MethodParametersDescription
compute.query(module, fn, args?)Module name, function name, optional args objectRead-only query
compute.mutation(module, fn, args?)Module name, function name, optional args objectRead-write mutation
compute.action(module, fn, args?)Module name, function name, optional args objectSide-effectful action

Module naming: Compute module names must follow snake_case format matching ^[a-z][a-z0-9_]*$. The gateway validates this at deploy time.

@stage/utils

Provides resilient HTTP and concurrency utilities for backend operations.
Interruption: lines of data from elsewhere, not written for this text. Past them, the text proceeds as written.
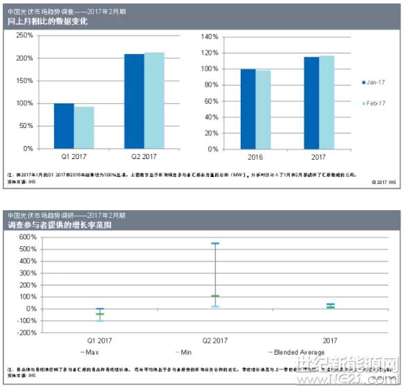 尽管政策环境错综复杂,中国光伏供应链依然对2017年的市场充满信心。结果显示大多数参与调研的公司相信,2017年度增长为19%,相比于一月份的调查结果增长了3个百分点。此调研数据显著高于IHS Markit此前对2017年装机量的预估。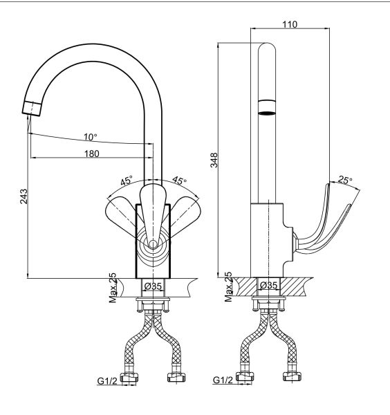 - Высота смесителя:34.8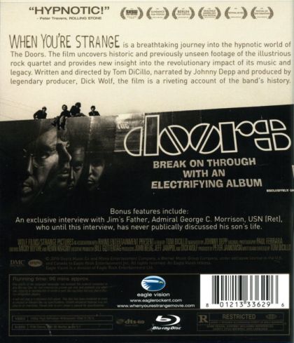 The creative chemistry of four brilliant artists —drummer John Densmore, guitarist Robby Kreiger, keyboardist Ray Manzarek and singer Jim Morrison— made The Doors one of America's most iconic and influential rock bands. Using footage shot between their formation in 1965 and Morrison's death in 1971, it follows the band from the corridors of UCLA's film school, where Manzarek and Morrison met, to the stages of sold-out arenas.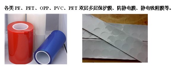 各類PE、PET、OPP、PVC、PET雙層多層保護(hù)膜、防靜電膜、靜電吸附膜等
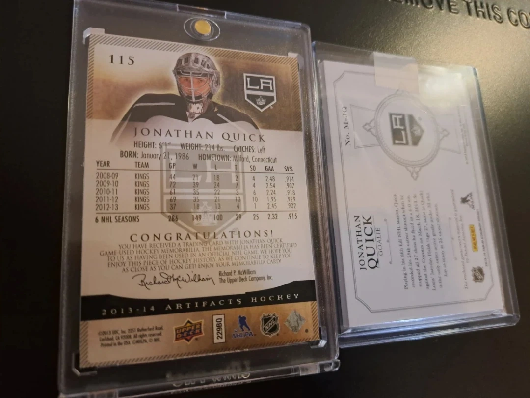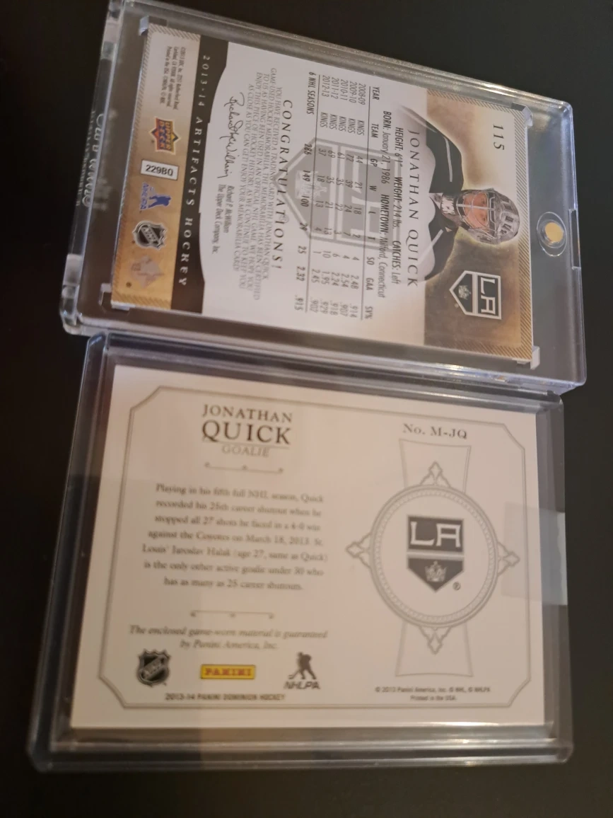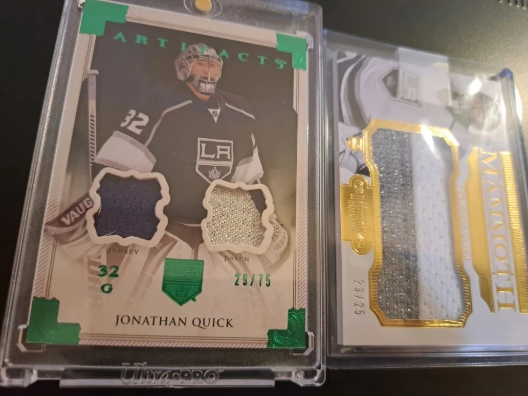Selling two Jonathan Quick hockey cards. One is an Artifacts card, and the other is a Mammoth card. Both are in protective cases! Don't forget I can ship these cards anywhere in Canada for an extra $10 with tracking. Enjoy! Oh and combine as many cards as you want no extra charge for shipping.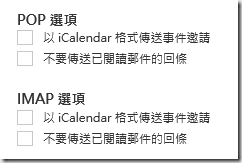 該頁面提供Office365的POP和IMAP伺服器資訊,如果有需要以其他電子郵件程式收發email可以參照這些資訊設定。另外還可變更會議邀請和讀信回條的格式,此設定只會影響使用POP和IMAP的電子郵件程式的畫面。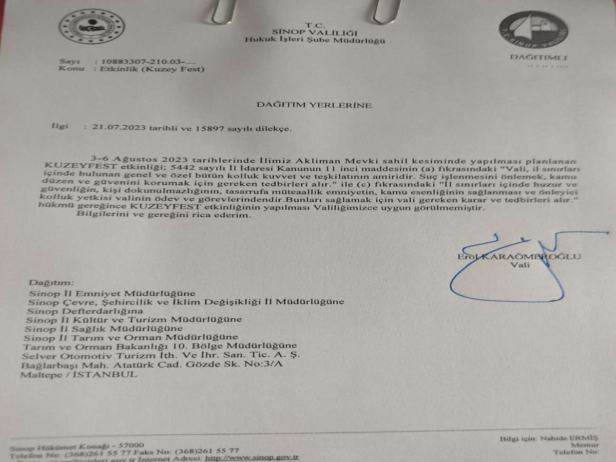 Sinop’ta 3- 6 ağustos tarihleri arasında yapılması planlanan ve onbinlerce bilet satışının yapıldığı Kuzey Fest adlı festivale Sinop Valisi Erol Karaömeroğlu’ndan izin çıkmadı. 2020- 2021 ve 2022 yıllarında aynı Vali tarafından izin verilen festivalin yasaklanması dikkat çekti.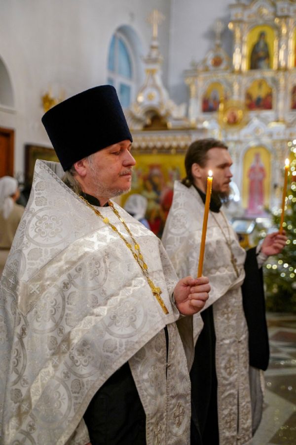 14 января в Троицком соборе Свято-Троицкого Серафимо-Дивеевского женского монастыря было совершено вечернее богослужение: малая вечерня с акафистом преподобному Серафиму Саровскому и всенощное бдение.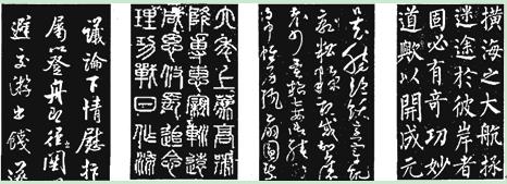 5、选择题  下列书法作品中,能够体现“兼有楷书和草书的长处,既工整清晰,又飞洒活泼”书体特色的是(   )
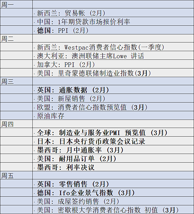 本周经济日历清淡,3月数据的发布时间在3月份比较分散。本周英国除了通胀数据外还将发布零售销售报告。本周将要揭晓的其它数据有澳大利亚、欧元区、英国和美国的PMI预览值。这些数据将初步透露制造业与服务业在俄罗斯入侵乌克兰与油价飚升后的变化情况。本周重要经济数据详情如下:

import { fetchWithRetry, batchedMap } from "@stage/utils";

// Fetch with automatic retry on 429/5xx
const response = await fetchWithRetry(
"https://api.example.com/data",
{ method: "GET", headers: { Authorization: "Bearer ..." } },
5, // max retries (default: 3)
);

// Process items with bounded concurrency
const results = await batchedMap(
urls,
async (url) => {
const res = await fetch(url);
return res.json();
},
3, // concurrency limit (default: 5)
);

Exports:

FunctionSignatureDescription
fetchWithRetry(url, opts, maxRetries?) → Promise<Response>Retries on HTTP 429 or 5xx with exponential backoff (2^attempt × 1000ms + jitter)
batchedMap(items, fn, concurrency?) → Promise<R[]>Processes an array through an async function with bounded concurrency, preserving order

Complete Example

import { Hono } from "hono";
import { inference } from "@stage/inference";
import { compute } from "@stage/compute";
import { fetchWithRetry } from "@stage/utils";

const app = new Hono();

app.get("/health", (c) => c.json({ status: "ok" }));

app.post("/summarize", async (c) => {
const { documentId } = await c.req.json();

// Fetch document from compute
const doc = await compute.query("documents", "get", { id: documentId });

// Summarize with AI
const result = await inference.chat({
model: "gpt-4o-mini",
messages: [
{ role: "user", content: `Summarize: ${doc.content}` },
],
});

// Store the summary
const summary = result.content[0]?.text ?? "";
await compute.mutation("documents", "setSummary", {
id: documentId,
summary,
});

return c.json({ summary });
});

export default app;

Entrypoint Resolution

The gateway looks for a backend entrypoint in this order:

  1. /app/src/app.ts
  2. /app/app.tsx
  3. /app/src/index.ts
  4. /app/index.ts

The exported module must be a Hono app or any object with a .fetch(request) method.

Headers

The gateway injects the following headers into every request forwarded to your backend:

HeaderValue
X-Stage-AppThe app's SID
X-Stage-SessionThe session ID backing this app

Caching

Published API backends are cached in-memory by app SID. The cache is invalidated when the app's session ID, lastDeployedAt, or updatedAt changes. You can force a cache clear by redeploying the app.